We’re looking at exome sequencing data on whole peripheral blood DNA of monozygotic twins (this data was generated by our collaborators, Jan Dumanskiand his group at Uppsala University in Sweden). Monozygotic twins were earlier thought to be genetically identical; now we know that isn’t completely true. How does one identify small mutations (SNPs and small InDels) that are present in one of the twins but not in the other? Or in general, how does one compare two different samples, for instance, to find somatic mutations that are present in a tumor sample but not present in the paired normal sample.
The obvious approach is to call SNPs in each sample first, and then identify loci where an allele is called in exactly one of the two samples, e.g., allele A is called in one twin but not in the other. The number of variant alleles called in each of the two twins is about 150,000. The number of differential allele calls between the two twins is about 27,000. Seems like too many. A quick look at the results reveals many instances with the following pattern.
Here, A is the reference allele. The fraction of reads supporting variant allele G barely increases from 34.48% in twin 1 to 36.36% in twin 2; yet, that is enough to tip the SNP call from AA in twin 1 to AG in twin 2. This is clearly a false positive, resulting from the cut-offs used by the SNP calling procedure. This example suggests that instead of comparing SNP calls, one should look for a substantial difference in the fraction of reads supporting the variant allele between the two samples. Let DiffSuppReads denote this difference.
Suppose, we insist on DiffSuppReads>50%; then the number of differential allele calls reduces to just about 450, down from 27,000! One could ask, why 50%? A rough reason: look at the distribution of the number of supporting reads over all alleles called for a particular twin; this appears to be a mixture of three separate distributions, with 25% and 75% being the transition points between successive distributions. So DiffSuppReads>50% ensures that the two samples are unlikely to come from the same distribution.

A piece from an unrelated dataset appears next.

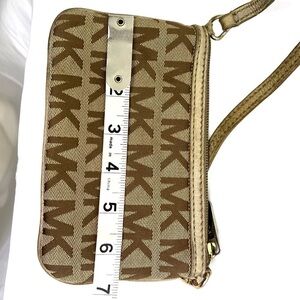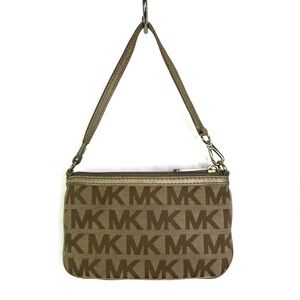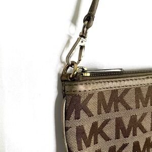 MICHAEL KORS SMALL POUCH MONOGRAM MK WRISTLET BROWN MK CANVA GOLD HARDWARE MINIATURE MINI BAG WOMEN

Can we define a cut-off for DiffSuppReads more rigorously? What is the probability that DiffSuppReads is large, given that the genotype call is the same in both twins ? The heterozygous genotype will challenge this probability the most, so let us assume that both twins are heterozygous. The distribution of DiffSuppReads is given by the following formula (here, n1 and n2 are the number of reads in the two samples, respectively, at this locus of interest, and DiffSuppReads is a fraction between 0 and 1).
We use this to calculate the critical value of DiffSuppReads at which the above probability becomes less than, say 10e-5, so we can offset multiple testing effects for the approximately 100,000 variant alleles being tested. This critical value of DiffSuppReads varies from locus to locus, because of the dependence of n1 and n2. So we compute this value for each variant allele and see which variant alleles pass. This yields about 400 differential allele calls. Another interesting phenomenon strikes though, as illustrated in the example below.
The difference in supporting reads fractions is just 3.3%, but the critical value for DiffSuppReads is even smaller, because of very large read counts (9317 and 8943) at this locus. For very large read counts, an underlying heterozygous genotype would yield very close to 50% of the reads on each allele, and even slight deviations from this become highly improbable. This suggests that even a 3% value of DiffSuppReads is very unlikely to arise if both twins had the same genotype, and therefore one can conclude that the twins have different genotypes. This conclusion is however not very believable, and likely suggests that the assumption of reads being drawn independently is at risk of violation in areas with high coverage.
To summarise, just comparing genotype calls yields many false positives where the call is different due to cut-off effects, and using a statistical approach to generate a cut-off for DiffSuppReads yields false positives in high coverage regions. Can one combine these approaches? Here is table with various combinations.
Which of these is the right answer? The 1000 Genomes Project estimated that a child has only around 50 new mutations relative to its parents. Monozygotic twins ought to be closer than that. And we are observing only the exomes (and some neighborhood) of these twins. So the real answer probably lies close to the bottom of the above table. However, as Jan Dumanski points out, much of the 1000 Genomes effort involved sequencing of oligoclonal/monoclonal lymphoblastoid cell lines, not quite directly comparable with whole peripheral blood.
We’ve experimented with some of the above methods for differential SNP calling in Avadis NGS. Avadis NGS 1.0 used an approach based on A) above. Avadis NGS 1.2 used an approach based on C). For the above reasons, Avadis NGS 1.3 is moving towards approach B). Hopefully, this one will last.